* Aim of the exercise
Since the pictures are not wanted, retype the listing below exactly and without them.

* Recorded information

►

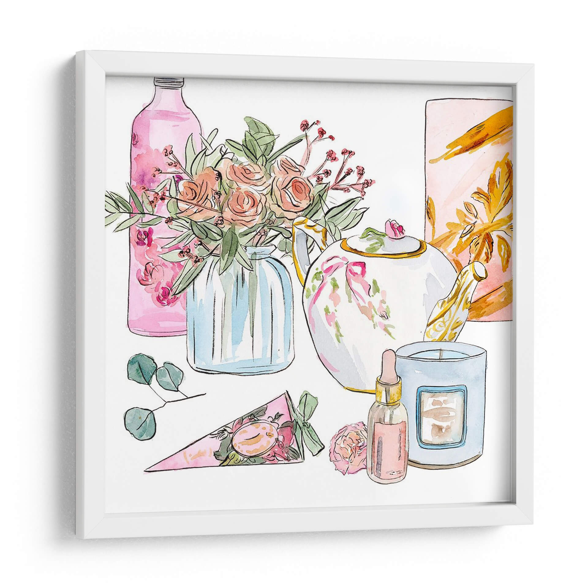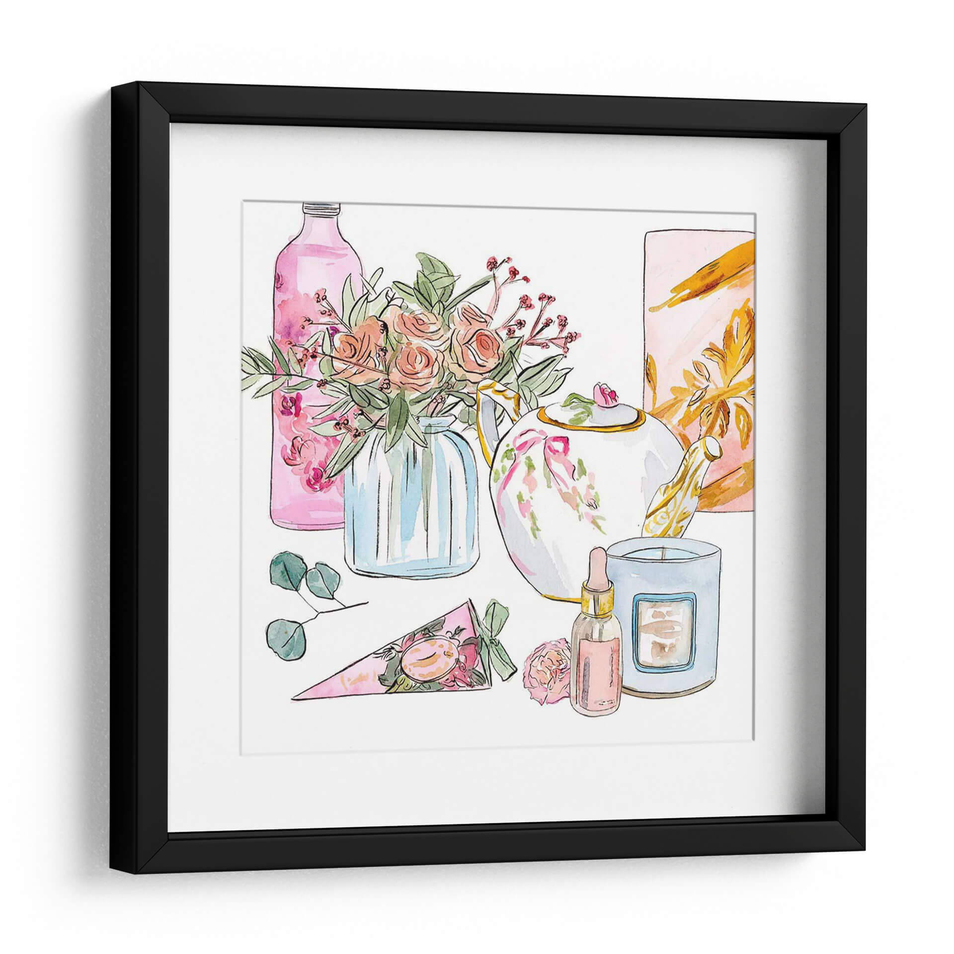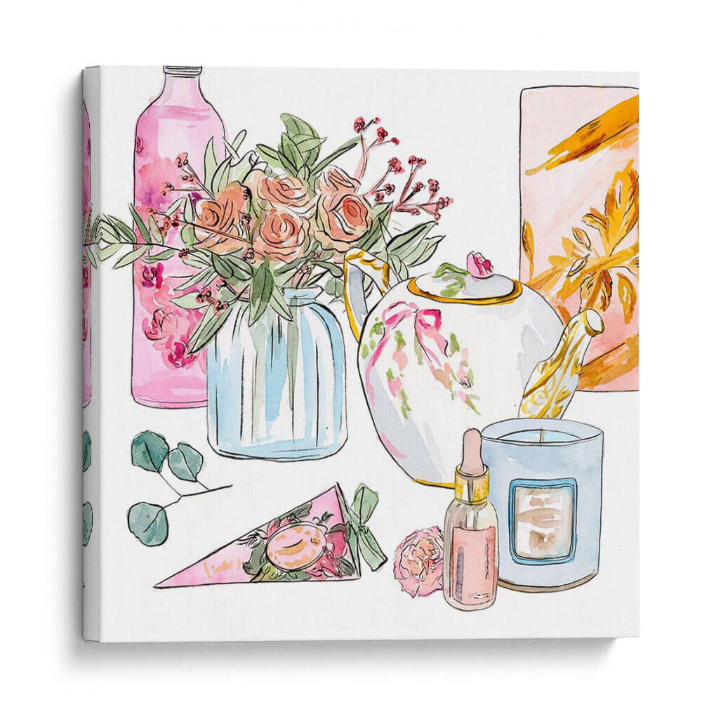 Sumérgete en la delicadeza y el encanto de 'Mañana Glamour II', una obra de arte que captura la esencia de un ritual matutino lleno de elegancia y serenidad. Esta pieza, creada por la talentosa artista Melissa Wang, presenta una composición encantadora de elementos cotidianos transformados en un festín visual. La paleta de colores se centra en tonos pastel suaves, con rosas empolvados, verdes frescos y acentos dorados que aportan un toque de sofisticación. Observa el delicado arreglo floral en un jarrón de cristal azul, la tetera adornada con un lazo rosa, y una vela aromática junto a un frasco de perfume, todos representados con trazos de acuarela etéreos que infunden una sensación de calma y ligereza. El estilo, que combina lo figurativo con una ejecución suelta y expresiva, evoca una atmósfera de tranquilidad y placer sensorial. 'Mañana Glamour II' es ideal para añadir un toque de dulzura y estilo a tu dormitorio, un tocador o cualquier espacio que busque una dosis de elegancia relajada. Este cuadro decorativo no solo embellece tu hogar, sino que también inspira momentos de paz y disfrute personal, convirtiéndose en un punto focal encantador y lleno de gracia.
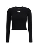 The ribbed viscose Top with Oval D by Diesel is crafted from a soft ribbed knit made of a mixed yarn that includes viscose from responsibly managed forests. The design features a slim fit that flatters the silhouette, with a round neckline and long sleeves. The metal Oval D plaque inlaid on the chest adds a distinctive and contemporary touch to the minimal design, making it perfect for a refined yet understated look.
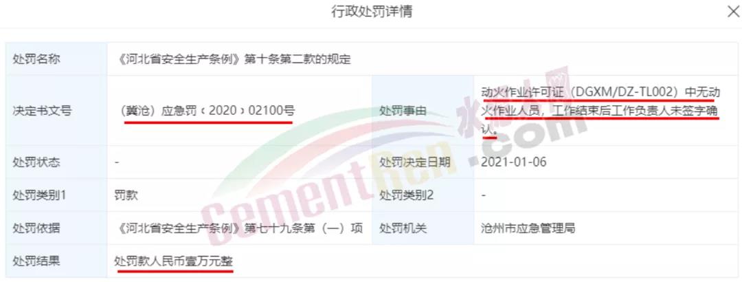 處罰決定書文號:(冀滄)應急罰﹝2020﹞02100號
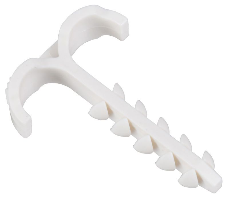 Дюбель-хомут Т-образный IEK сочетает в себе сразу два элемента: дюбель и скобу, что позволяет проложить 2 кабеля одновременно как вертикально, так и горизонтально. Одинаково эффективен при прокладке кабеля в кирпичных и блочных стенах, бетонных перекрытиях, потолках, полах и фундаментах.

◄

* Answer box
 Sumérgete en la delicadeza y el encanto de 'Mañana Glamour II', una obra de arte que captura la esencia de un ritual matutino lleno de elegancia y serenidad. Esta pieza, creada por la talentosa artista Melissa Wang, presenta una composición encantadora de elementos cotidianos transformados en un festín visual. La paleta de colores se centra en tonos pastel suaves, con rosas empolvados, verdes frescos y acentos dorados que aportan un toque de sofisticación. Observa el delicado arreglo floral en un jarrón de cristal azul, la tetera adornada con un lazo rosa, y una vela aromática junto a un frasco de perfume, todos representados con trazos de acuarela etéreos que infunden una sensación de calma y ligereza. El estilo, que combina lo figurativo con una ejecución suelta y expresiva, evoca una atmósfera de tranquilidad y placer sensorial. 'Mañana Glamour II' es ideal para añadir un toque de dulzura y estilo a tu dormitorio, un tocador o cualquier espacio que busque una dosis de elegancia relajada. Este cuadro decorativo no solo embellece tu hogar, sino que también inspira momentos de paz y disfrute personal, convirtiéndose en un punto focal encantador y lleno de gracia.
 The ribbed viscose Top with Oval D by Diesel is crafted from a soft ribbed knit made of a mixed yarn that includes viscose from responsibly managed forests. The design features a slim fit that flatters the silhouette, with a round neckline and long sleeves. The metal Oval D plaque inlaid on the chest adds a distinctive and contemporary touch to the minimal design, making it perfect for a refined yet understated look.
 處罰決定書文號:(冀滄)應急罰﹝2020﹞02100號
 Дюбель-хомут Т-образный IEK сочетает в себе сразу два элемента: дюбель и скобу, что позволяет проложить 2 кабеля одновременно как вертикально, так и горизонтально. Одинаково эффективен при прокладке кабеля в кирпичных и блочных стенах, бетонных перекрытиях, потолках, полах и фундаментах.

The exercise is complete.